◆ TASK TO CARRY OUT ◆
Starting at the top of the records below, write out each line exactly as it stands, stopping after the line with "2017年2月24日,習近平"; exclude the pictures.

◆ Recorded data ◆
═══
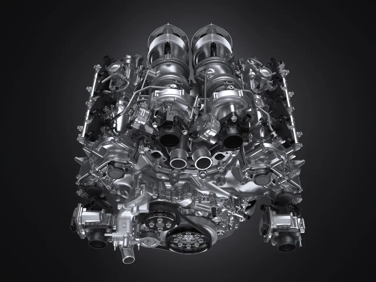 全新的 V8 引擎採用「熱 V」佈局、乾式油底殼等技術,整體緊湊更輕。未來該引擎會應用於更多車型,並承諾會持續符合未來更嚴苛的排放法規,以確保長期量產。
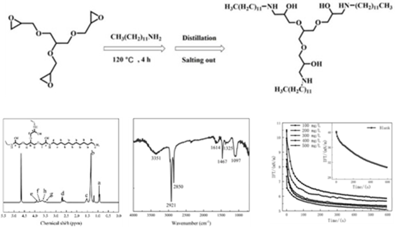 摘要:本发明提供了一种Y型结构破乳剂及其制备方法和应用,所述Y型结构破乳剂的制备方法包括如下步骤:将丙三醇三缩水甘油醚完全溶解于有机溶剂中,然后加入十二胺,在保护气氛下于油浴条件下搅拌反应,得到混合物;将混合物冷却后,在真空条件下蒸馏除去有机溶剂,得到剩余产物;将剩余产物溶解在有机溶剂中,经萃取除去未反应的丙三醇三缩水甘油醚和十二胺;经分离得到有机层,在真空条件下蒸馏除去有机溶剂,即制备得到所述Y型结构破乳剂。所述Y型结构破乳剂在较低的使用量下就能获得较高的破乳效率,且破乳温度更低、破乳时间更短。
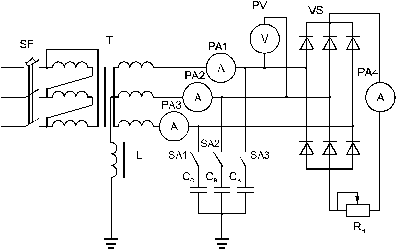 Описание лабораторного стенда На стенде (рис. 4.3) имеются измерительные приборы и выводы трансформатора, реактора, конденсаторных батарей. Источником высших гармоник является шестифазный вентильный преобразователь (трехфазная мостовая схема выпрямления). Реактор предназначен для включения в нейтраль трансформатора. Индуктивность реактора можно менять регулированием тока подмагничивания. Нагрузкой для шестифазного преобразователя являются реостаты, установленные на столе стенда. Для фиксирования осциллограмм токов и напряжений имеется осциллограф. Вход осциллографа включается на шунт, которым служит соединительный провод.
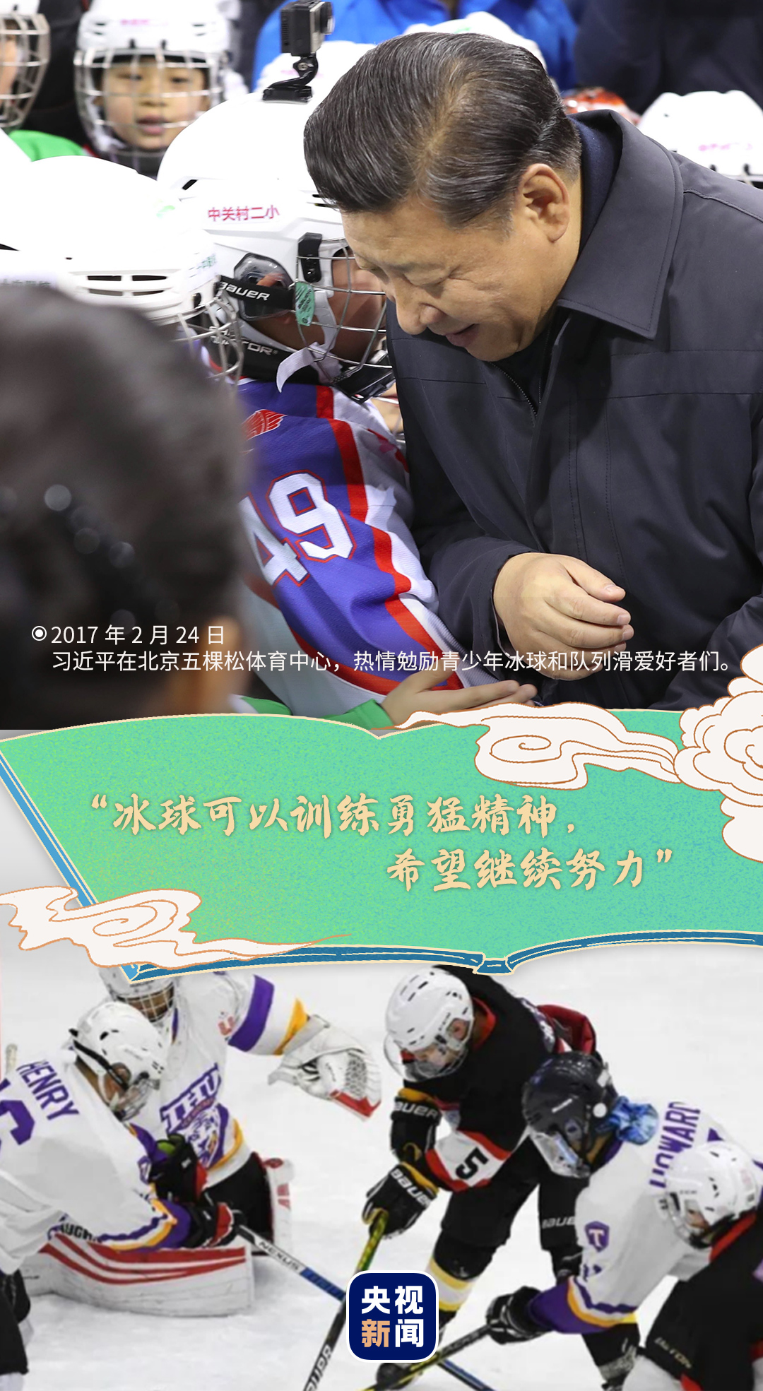 2017年2月24日,習近平總書記來到五棵松體育中心考察,同一群冰球少年親切交流。總書記還以冰球運動員特有的問候方式,同當時9歲的官子釗“撞肩”互動。
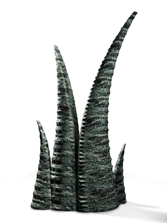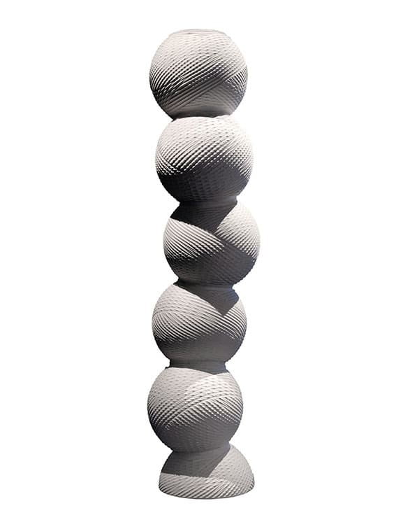 Sfida al risparmio della materia. Grazie ad un complesso progetto realizzato con software parametrico e l’impiego della tecnologia di taglio Waterjet a 5 assi, a partire da una sovrapposizione di dieci lastre in marmo per un totale di 30 cm di spessore, si è riusciti a sviluppare una figura multi-punte, divaricata, sinuosa, tortile e cava di ben 3m di altezza, formata da 100 anelli monolitici sovrapposti senza produrre scarto. Tutta l’opera risulta svuotata al suo interno e le pareti arrivano ad uno spessore di soli 3 cm.
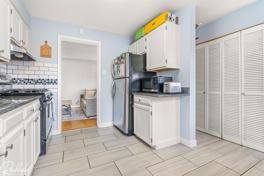- Fully renovated kitchen featuring stylish granite countertops, brand-new tile flooring, contemporary tile backsplash, and stainless steel appliances—including a gas range, refrigerator, and dishwasher.
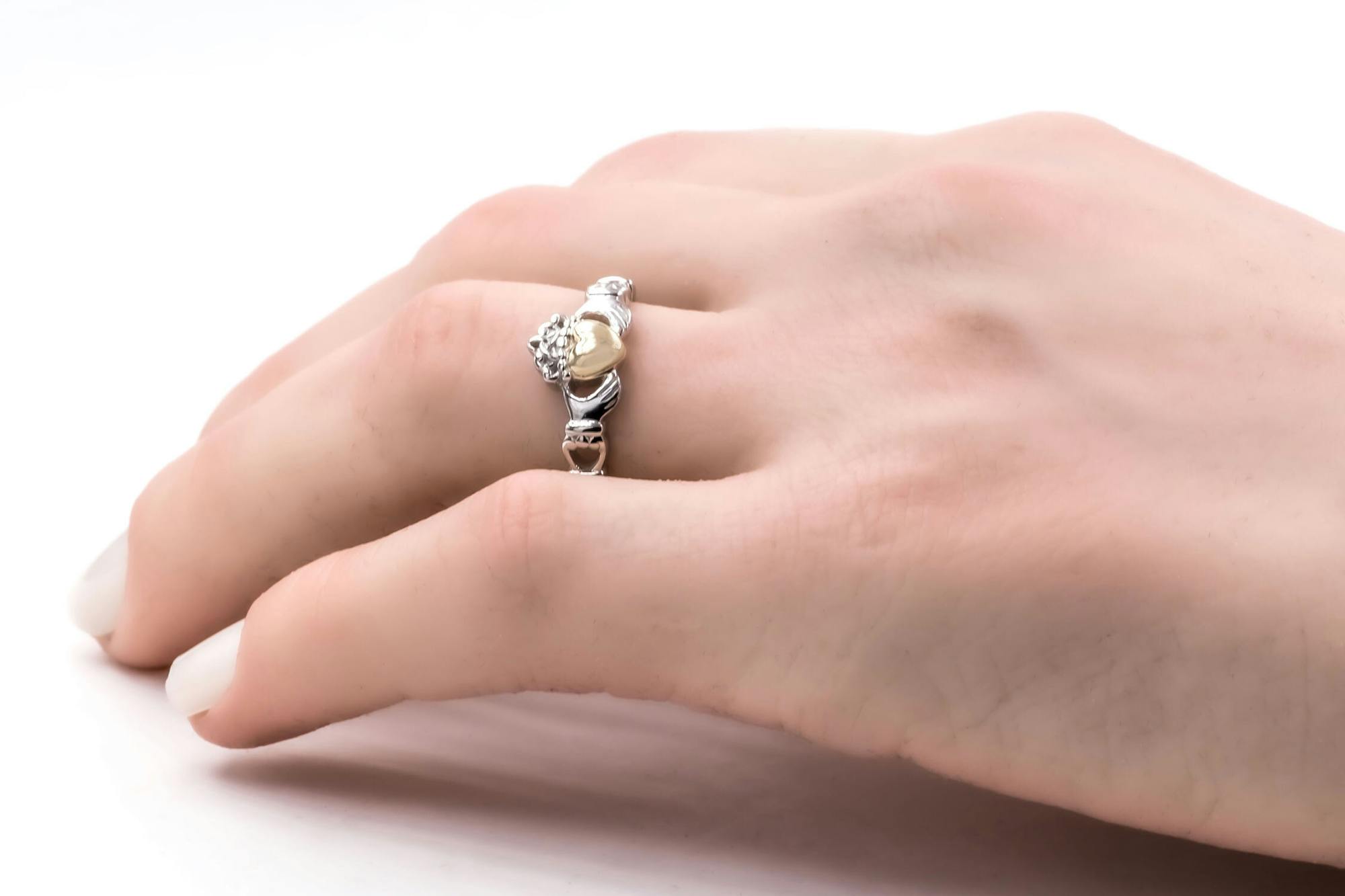 This Sterling Silver Claddagh Ring With 10k Gold Heart is suitable for the following rings.
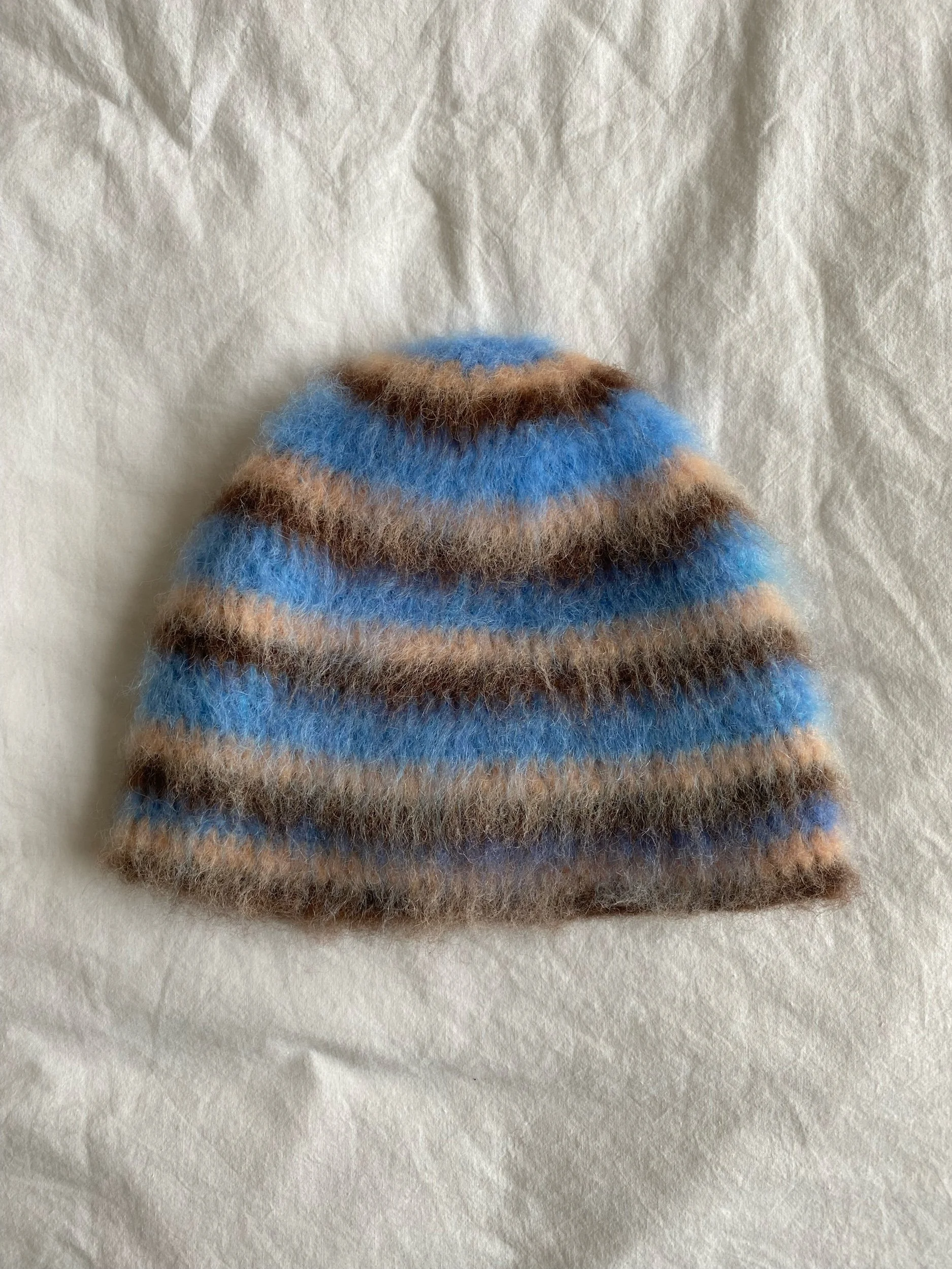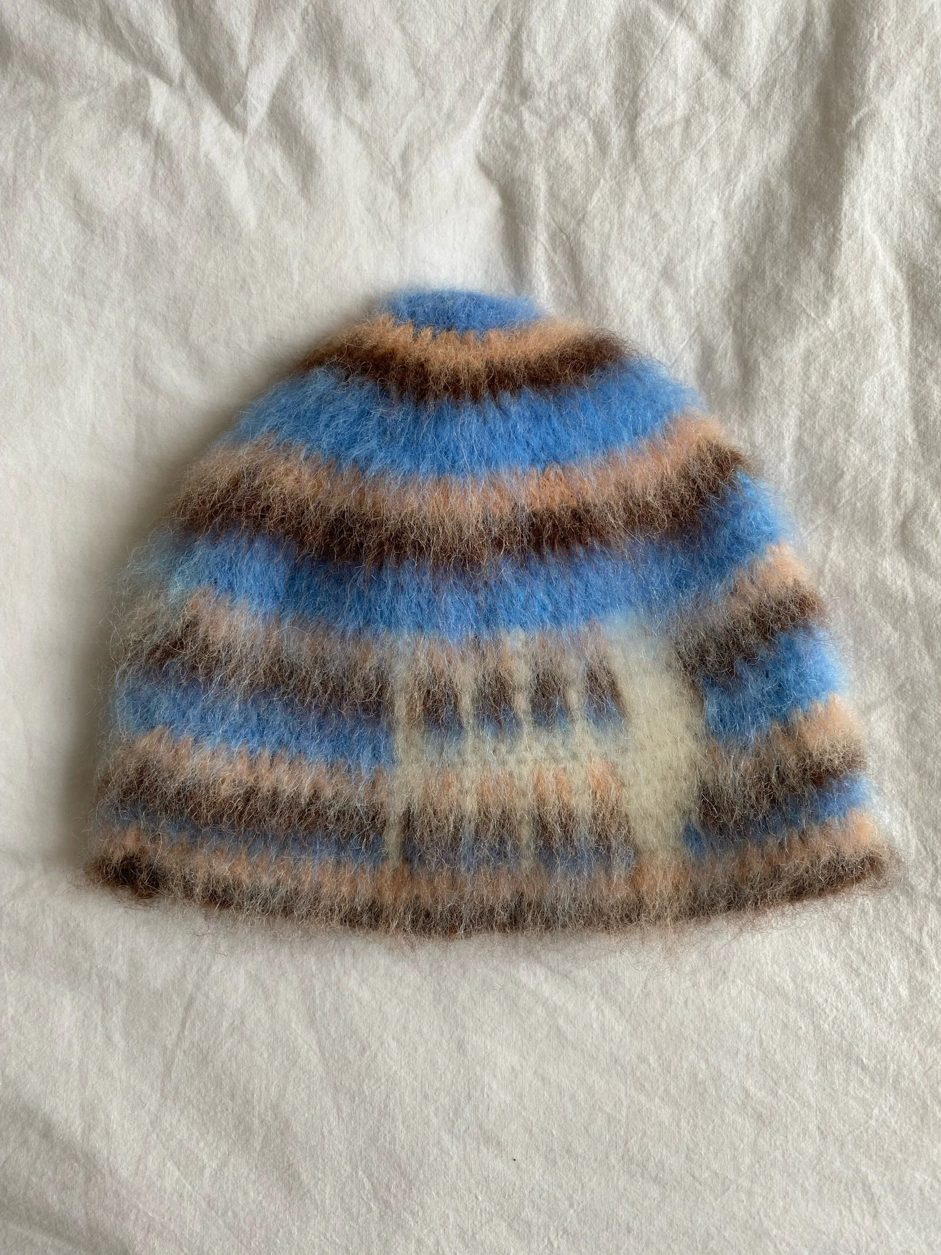 Multi-colored brushed fish bone beanie. The beanie is made from alpaca wool for warmth in cold weather. Its cozy brushed texture and unique fish bone design give it a fun touch. One size
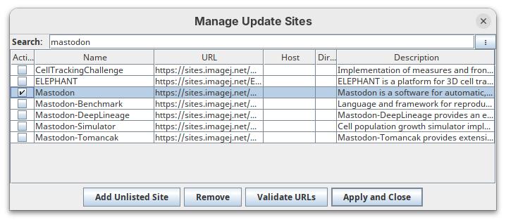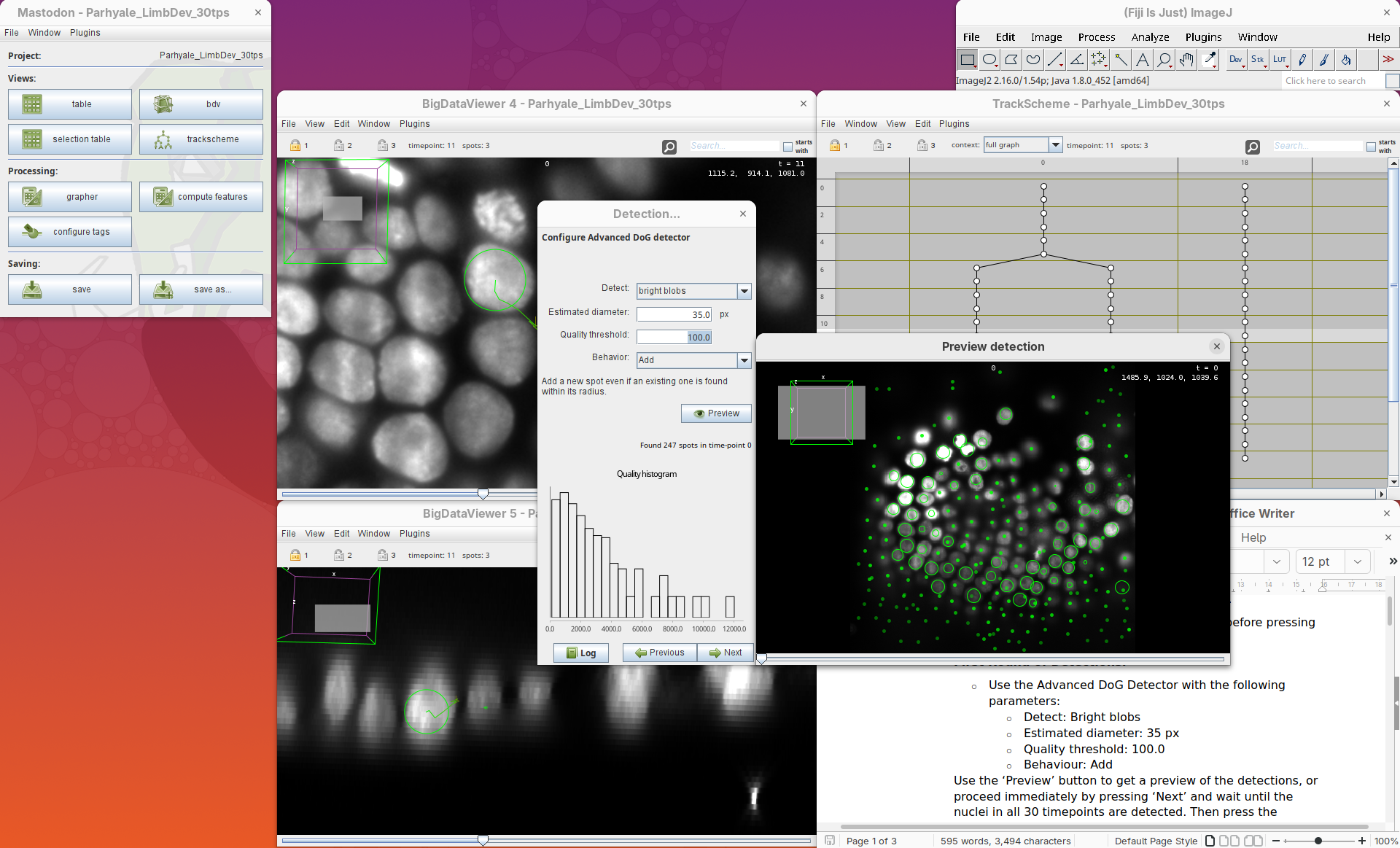 This is a basic tutorial on how to track cells in Fiji (Schindelin et al. 2012) using Mastodon (Girstmair et al. 2025). The goals are to learn how to load and create Mastodon datasets, get familiar with navigating the BigDataViewer and TrackScheme windows, perform manual cell tracking with cell divisions and simple editing of lineages, perform semi-automated detection and tracking, and try some lineage analysis. We will use a demo Mastodon dataset (Girstmair 2024) generated with lightsheet data from the isopod Parhyale hawaiensis (Wolff et al. 2018). For more information and detailed instructions, please check Mastodon’s official documentation.
═══
◆ WORKED SOLUTION ◆
 全新的 V8 引擎採用「熱 V」佈局、乾式油底殼等技術,整體緊湊更輕。未來該引擎會應用於更多車型,並承諾會持續符合未來更嚴苛的排放法規,以確保長期量產。
 摘要:本发明提供了一种Y型结构破乳剂及其制备方法和应用,所述Y型结构破乳剂的制备方法包括如下步骤:将丙三醇三缩水甘油醚完全溶解于有机溶剂中,然后加入十二胺,在保护气氛下于油浴条件下搅拌反应,得到混合物;将混合物冷却后,在真空条件下蒸馏除去有机溶剂,得到剩余产物;将剩余产物溶解在有机溶剂中,经萃取除去未反应的丙三醇三缩水甘油醚和十二胺;经分离得到有机层,在真空条件下蒸馏除去有机溶剂,即制备得到所述Y型结构破乳剂。所述Y型结构破乳剂在较低的使用量下就能获得较高的破乳效率,且破乳温度更低、破乳时间更短。
 Описание лабораторного стенда На стенде (рис. 4.3) имеются измерительные приборы и выводы трансформатора, реактора, конденсаторных батарей. Источником высших гармоник является шестифазный вентильный преобразователь (трехфазная мостовая схема выпрямления). Реактор предназначен для включения в нейтраль трансформатора. Индуктивность реактора можно менять регулированием тока подмагничивания. Нагрузкой для шестифазного преобразователя являются реостаты, установленные на столе стенда. Для фиксирования осциллограмм токов и напряжений имеется осциллограф. Вход осциллографа включается на шунт, которым служит соединительный провод.
 2017年2月24日,習近平總書記來到五棵松體育中心考察,同一群冰球少年親切交流。總書記還以冰球運動員特有的問候方式,同當時9歲的官子釗“撞肩”互動。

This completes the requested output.